As the war was coming to an end I was not old enough to be allowed to join the celebration of Victory in Europe (VE) Day at Dalhuine Distillery where they opened a cask of 12 year old malt whisky. It must have been quite an occasion as they used most of the 44 gallons it held. I did go to the fancy dress party which was held in the Cinema hall and I was "volunteered" by Mr. Robinson to sing a solo "Where ere you walk" and join a trio of children from the Orphanage to sing "O for the wings of a dove" at a concert in the Methodist church. There was also a bonfire in the Orphanage playing field. This was one of the few occasions when the village and orphanage children got together. They all gathered timber and branches from a hill above the village where Canadian lumberjacks had chopped down a wood but left all the debris. The structure was so enormous that, though it was well constructed with a wedge shaped open space through the base, lighting it would be a problem. It was solved when the head of the Home Guard gave two returned prisoners of war a petrol grenade each to roll into the centre. This was so successful that soon after it lit no one could go within 50 feet. It burned all evening and the ashes were still red hot the following day.

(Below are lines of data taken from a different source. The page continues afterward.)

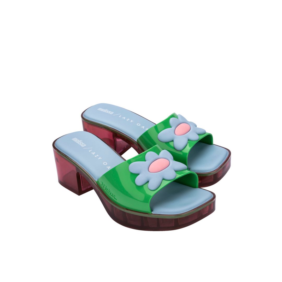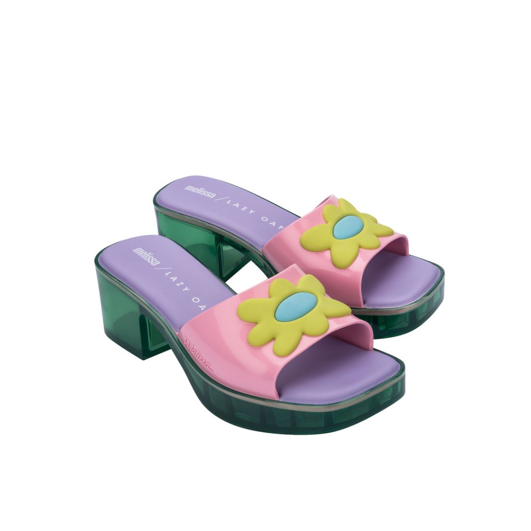 Melissa Shape + Lazy Oaf Ad Green Pink Lilac Klapki Na Obcasie Damskie Wielokolorowe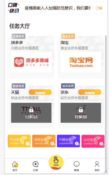 六月三号修复版淘宝天猫京东拼多多抢单系统源码下载,源码自带商城模块,并带有客服系统,支持个人收款,可以封装成app。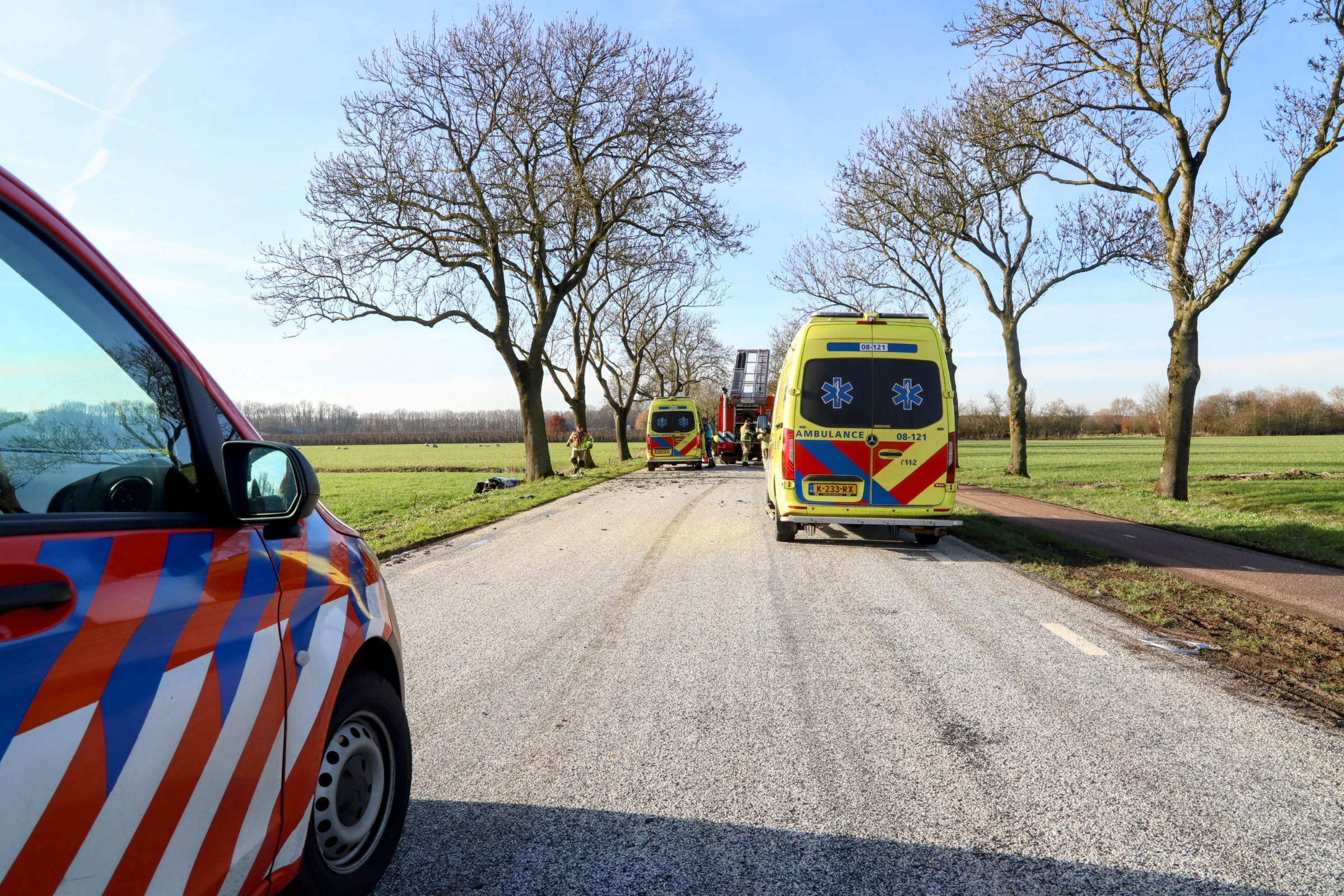 De weg is volledig afgesloten voor verkeer. Er wordt onderzoek gedaan naar de oorzaak van het ongeval.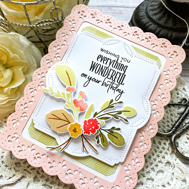 I don't think I will ever grow tired of the Border Bling: Scalloped Frame die; It accents these beautiful florals so nicely. I also added a hint of pattern by adding some Bitty Big: Spring Moss patterned paper behind the focal panel.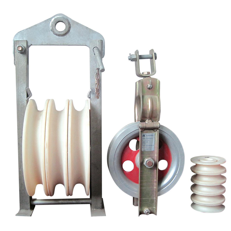 用途:适用于在直线杆塔上展放导线,钳接管和钢丝绳连接器、旋转连接器可以从槽内通过。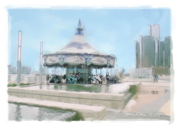 ![]() This art by Maggie LaNoue features a Detroit Riverfront landmark in Rivard Plaza, the Cullen Family Carousel. It features creatures native to the Detroit River, including sturgeon, egrets and walleye, along with the mythical River Mermaid and River Monster. The carousel opened in June 2007, and quickly became a favorite a Detroit destination for families visiting the Riverfront. |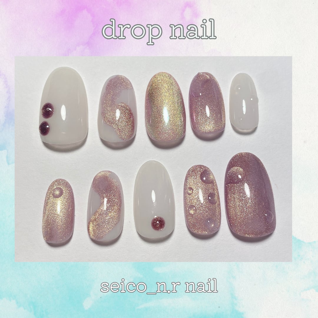 ハンドメイドのドロップジェルネイル10本セットです。ミニ爪やすりと、強力粘着テープも付属していますので、すぐにご使用頂けます。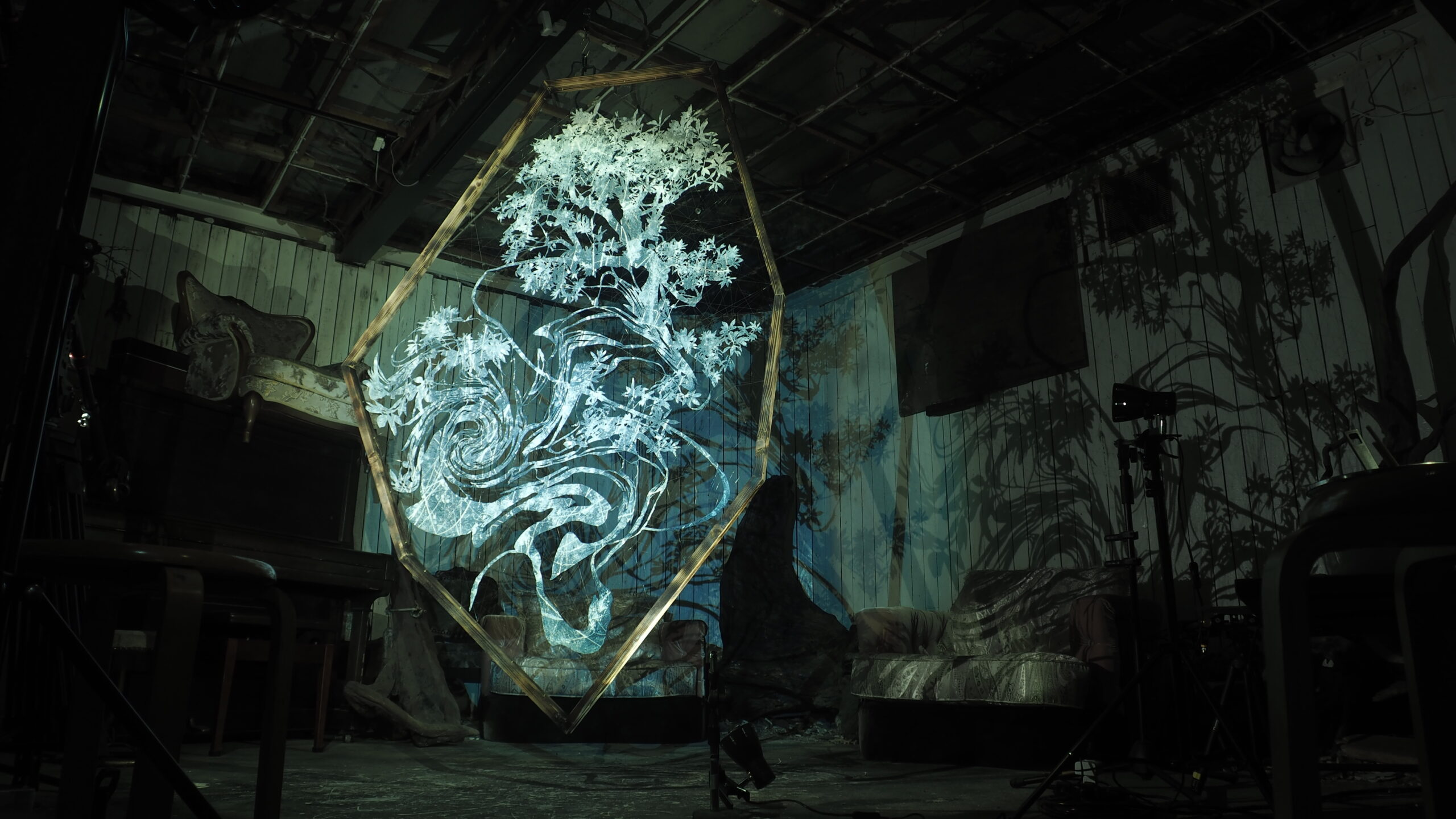影を表現するための装置として作品や空間を構築する。

Mr Robinson retired that year and we moved to a smaller house in the village. As there was not room for all the contents of Tower Villa there was an auction sale to dispose of the surplus. I tried to get Mr. Robinson to keep the sword which had hung in the entrance hall. It had only been taken down for cleaning and when I wore it in a school play. Even then I recognised its superb workmanship. It had been made in India by old fashioned craft methods. It had been hammered out of wrought iron on a wooden anvil and folded over many times so that it absorbed some carbon and became a strong steel. It was still sharp enough to sharpen pencils. At the auction it sold as part of a job lot of ornaments at £2 and I had only managed to save 5 shillings (25p). I finished my schooling at the end of June and after staying another month or so to get the exam results I returned to Edinburgh.